Energy & Fuels, Vol.33, No.4, 2934-2949, 2019
Prediction of Wax Disappearance Temperature by Intelligent Models
It is well-known that reservoir hydrocarbon fluids contain heavy paraffins that may form solid phases of wax at low temperatures. Problems associated with wax formation and deposition are a major concern in production and transportation of hydrocarbon fluids. Thus, testing of wax disappearance temperature (WDT) is essential in high-efficiency development of crude oil. For the sake of reduction of time and improvement of accuracy, four metaheuristic models called gray wolf optimizer-based support vector machine (GWO-SVM), least-squares support vector machine, genetic algorithm-based adaptive network-based fuzzy inference system, and particle swarm optimization-based adaptive network-based fuzzy inference system were used for the prediction of WDT in binary, ternary, and multicomponent systems in the range of 0.1-100 MPa.

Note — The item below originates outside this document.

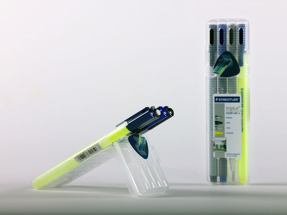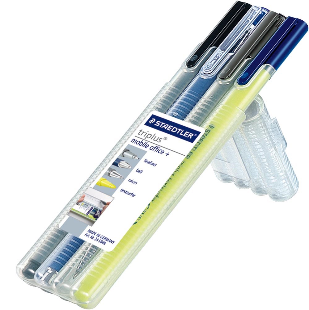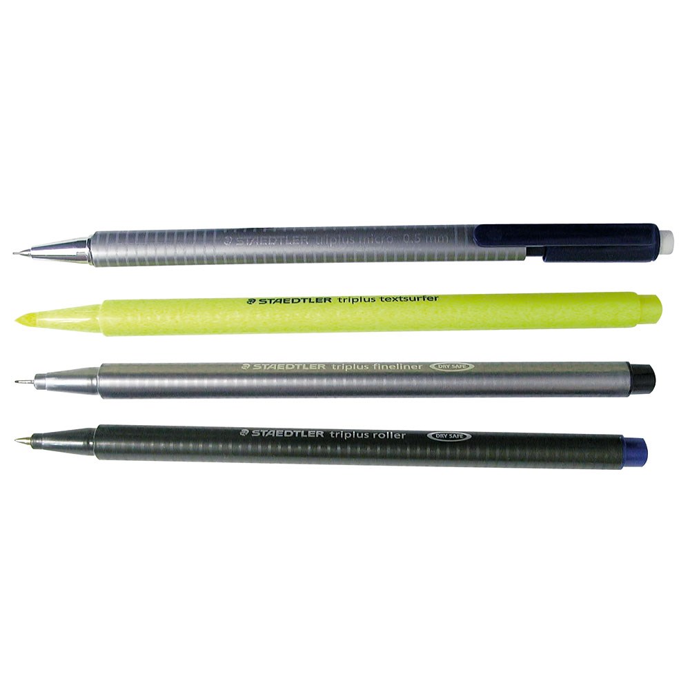 Sadrži crni fineliner, plavi roler, tehničku olovku 0,5, te žuti signir.
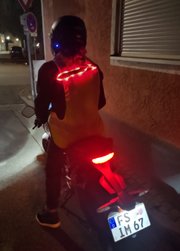 Zur Erhöhung der Sicherheit unserer Fahrschülerinnen und -schüler setzen wir Helite-Airbagwesten in unserer Ausbildung ein. Diese blasen sich mittels einer CO2-Patrone in ca. 80 ms auf, falls der Fahrer außerplanmäßig vom Motorrad absteigt.

The input parameters are molar mass and pressure, and the output is the WDT at every point. The comparison between the four models shows that the GWO-SVM gets the best accordance with experimental data sets with the minimum average absolute relative deviation (AARD = 0.7128%), maximum determination coefficient (R-2 = 0.9546), and minimum root-mean-squared error (RMSE = 2.4208) in all 272 data points. And outliers detection using the leverage approach to detect the doubt points, where only 6 data points in all 272 data points.